-------- Entries provided

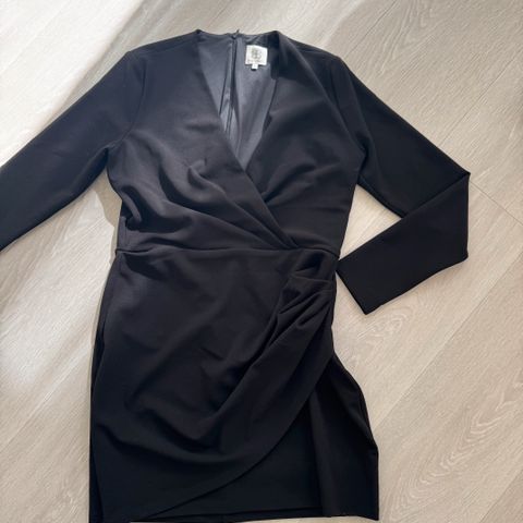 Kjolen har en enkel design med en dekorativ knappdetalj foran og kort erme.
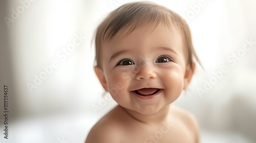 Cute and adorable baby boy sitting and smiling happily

----------------
-------- Entries provided

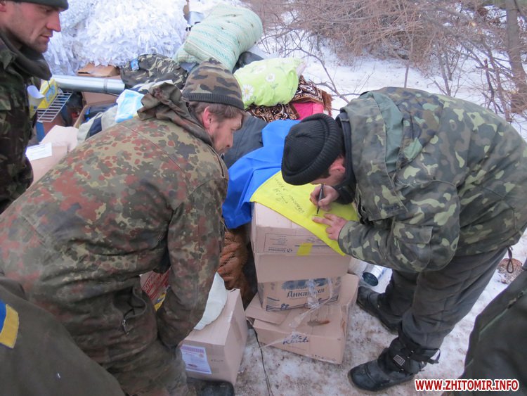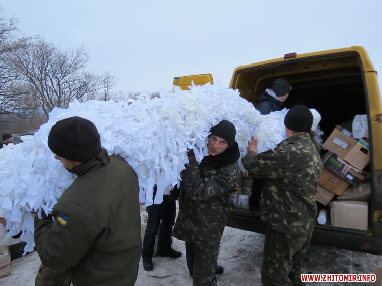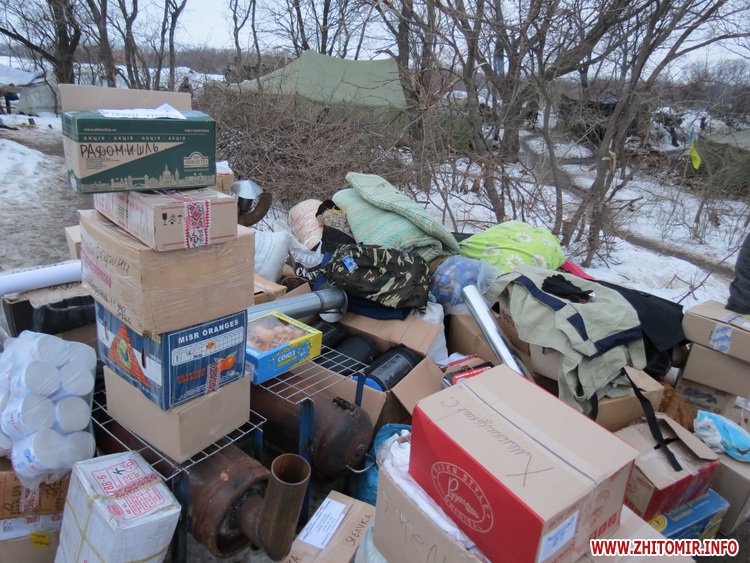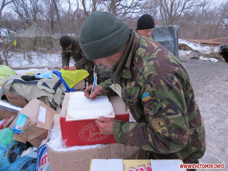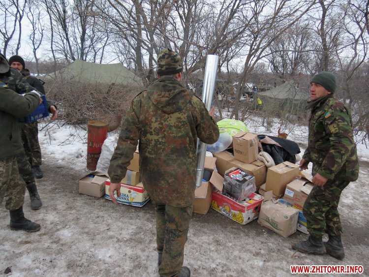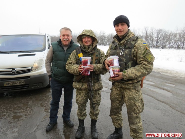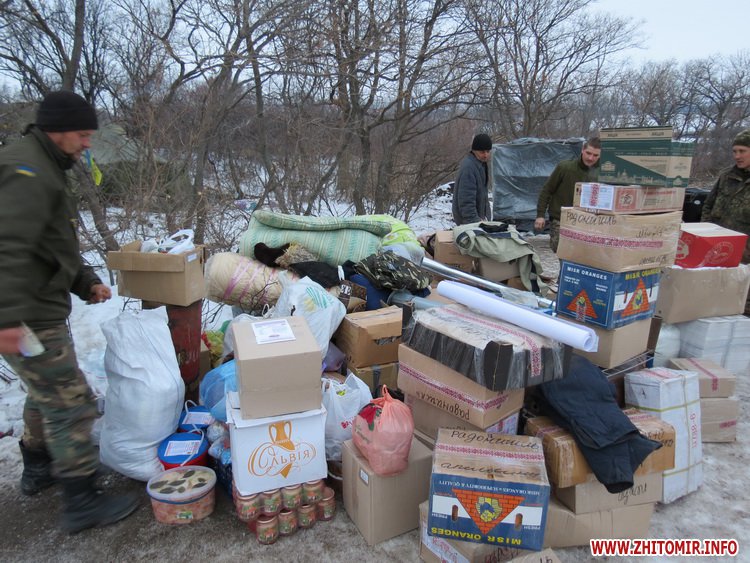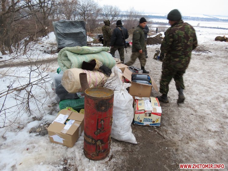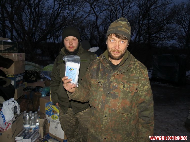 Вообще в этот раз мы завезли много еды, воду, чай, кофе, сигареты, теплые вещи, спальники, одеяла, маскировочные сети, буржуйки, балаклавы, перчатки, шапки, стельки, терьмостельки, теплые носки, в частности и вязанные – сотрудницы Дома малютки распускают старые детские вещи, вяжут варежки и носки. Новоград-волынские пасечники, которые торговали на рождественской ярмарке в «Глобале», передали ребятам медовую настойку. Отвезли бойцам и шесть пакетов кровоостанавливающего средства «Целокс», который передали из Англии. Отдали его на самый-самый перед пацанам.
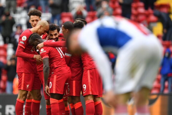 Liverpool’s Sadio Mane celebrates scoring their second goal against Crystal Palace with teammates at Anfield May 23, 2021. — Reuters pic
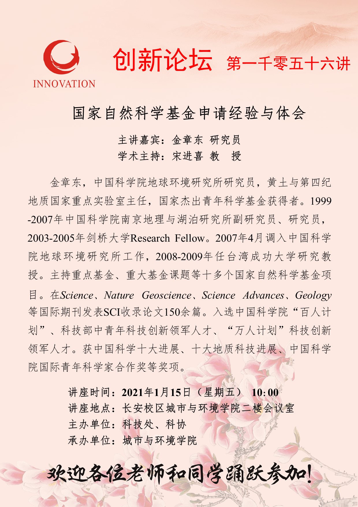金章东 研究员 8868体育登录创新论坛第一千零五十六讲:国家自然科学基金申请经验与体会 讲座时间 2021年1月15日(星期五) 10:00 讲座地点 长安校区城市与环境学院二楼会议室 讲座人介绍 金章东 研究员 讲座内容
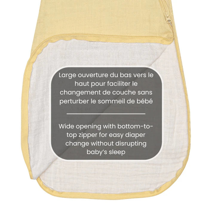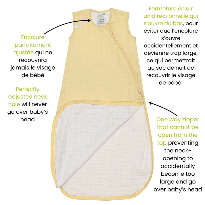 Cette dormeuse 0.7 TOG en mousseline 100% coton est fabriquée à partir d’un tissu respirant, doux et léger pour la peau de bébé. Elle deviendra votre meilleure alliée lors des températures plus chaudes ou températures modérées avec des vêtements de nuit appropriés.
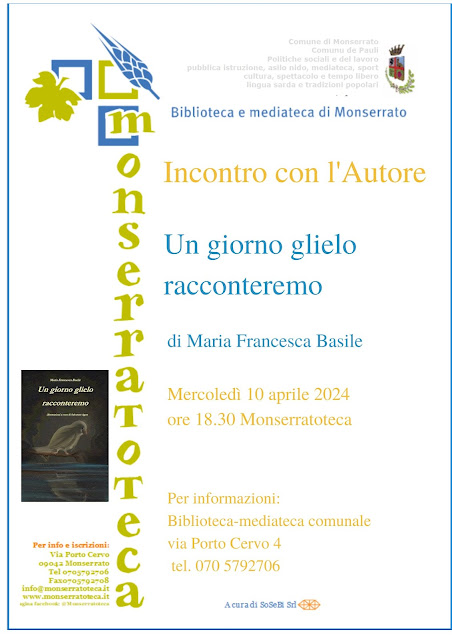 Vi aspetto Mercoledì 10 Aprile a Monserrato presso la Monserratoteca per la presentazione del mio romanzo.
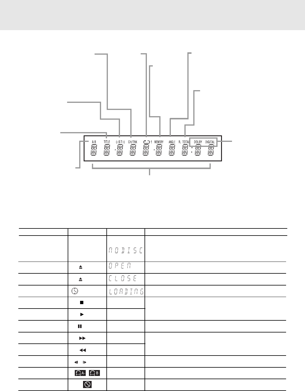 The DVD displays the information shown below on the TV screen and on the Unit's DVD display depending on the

----------------

### What you should do
To complete this exercise, transcribe exactly the lines above from the one that holds "Kjolen har en" through the one that holds "Cute and adorable". Pictures stay out.

### Completed task
 Kjolen har en enkel design med en dekorativ knappdetalj foran og kort erme.
 Cute and adorable baby boy sitting and smiling happily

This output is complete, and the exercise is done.